Aly-Khan Satchu, a geo-economic analyst, said the heavyweights were Iran, Saudi Arabia and UAE. The latter two countries had deep pockets and could serve as the equivalent of a lender of last resort in a changed international payments system.
Singapore’s The Straits Times reported that UN Secretary-General Antonio Guterres, attended the expansion announcement, highlighting the group’s growing influence. He echoed BRICS’ calls for reform of the UN Security Council, the International Monetary Fund and the World Bank. “For multilateral institutions to remain truly universal, they must reform to reflect today’s power and economic realities,” he said.
China Daily said in an editorial the appeal of BRICS to developing countries should make developed countries heed calls for reform of the global governance system.
“The expansion of BRICS is a new starting point for the group,” the editorial said. “All of the six new members, from three continents, are important regional players. Their inclusion in the group markedly broadens the scope of the BRICS mechanism and will inject fresh vitality into it.”

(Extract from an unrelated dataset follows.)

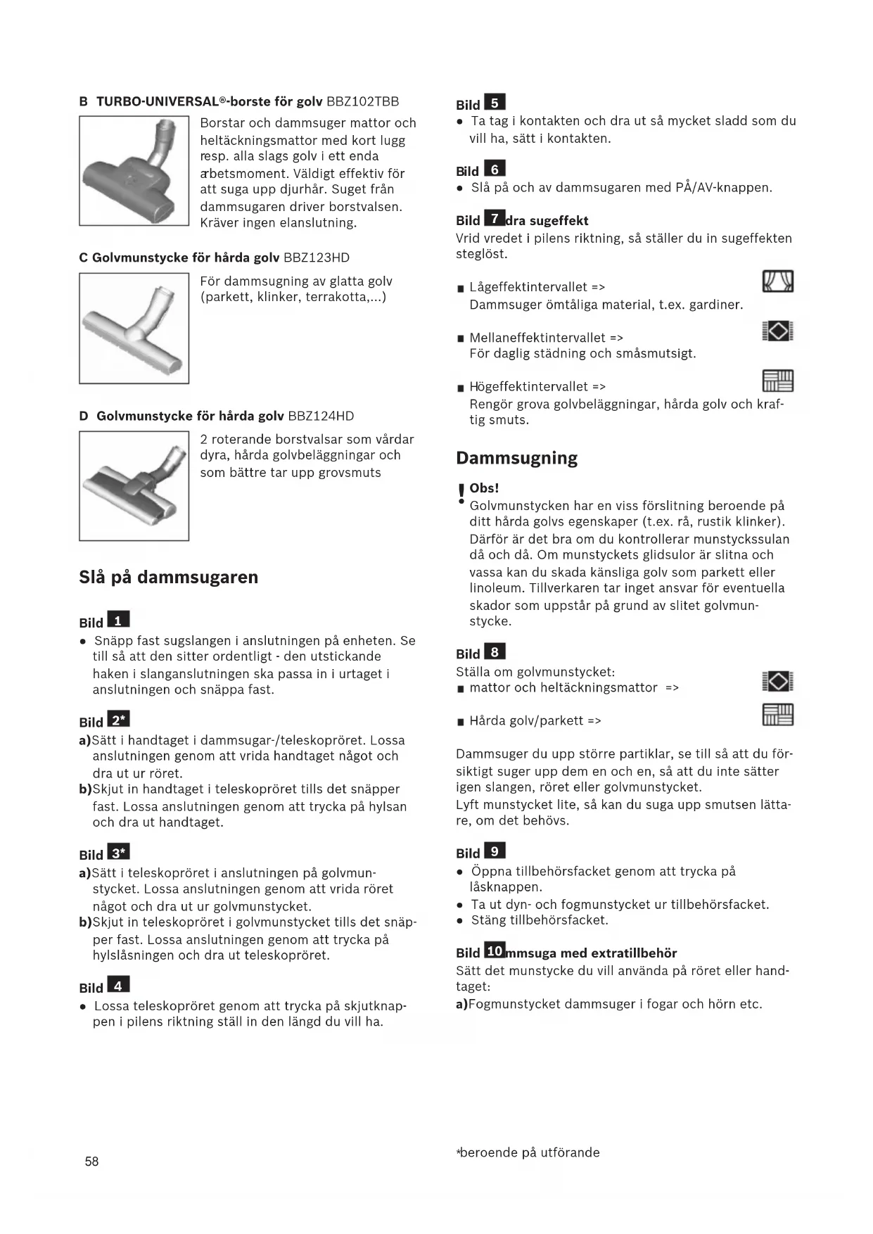S60. I denna bruksanvisning visas olika GS60-modeller. Där- för kan det hända att inte all beskriven utrustning gäller för din modell. Använd endast originaltillbehör från Bosch som är särskilt utvecklade för din dammsugare för att uppnå bästa sugeffekt. Veckla ut bildsidorna! Beskrivning av produkten 1 Ställbart golvmunstycke med tillbehörsfäste 2 Teleskoprör med skjutmuff och tillbehörsfäste 3 Handtag 4 Slang 5 Fällbart bärhandtag 6 Dammbehållare 7 Sladd 8 Utblåsfilterkåpa 9 På/AV-knapp med elektronisk sugeffektinställning 10 Effektindikering 11 Munstycksparkering på maskinsidan 12 Clean-knapp (filterrengöring)* 13 Tillbehörsfack 14 Munstycksparkering på maskinens baksida 15 Möbelmunstycke 16 Fogmunstycke 17 Veckfilter 18 Luddfilter 19 Specialmunstycke för hårda golv* 20 TURBO-UNIVERSAL®-borste för golv* Reservdelar och extratillbehör A TURBO-UNIVERSAL®-borste för dynor BBZ42TB Borstar och dammsuger polstrade möbler, madrasser, bilsäten osv. i ett enda arbetsmoment. Väldigt effektiv för att suga upp djurhår. Suget från dammsugaren driver borstvalsen. Kräver ingen elanslutning.

Brazil’s Luiz Inacio Lula da Silva looked forward to welcoming more new members. The Straits Times said they would be chosen according to their geopolitical heft, not the ideology of their governments. Lula said Brazil would support the entry of Nigeria, Angola, Mozambique and Democratic Republic of Congo.
China’s Global Times said in an editorial Western media had reported BRICS members were at odds on the question of expansion. “They clearly underestimated the determination of the BRICS members and other developing countries to unite and co-operate,” the paper said.
Productive talks outside the conference halls
BRICS Sidelines: At international summits, important meetings take place away from the conference halls. At the BRICS summit, China’s President Xi Jinping was active on the sidelines.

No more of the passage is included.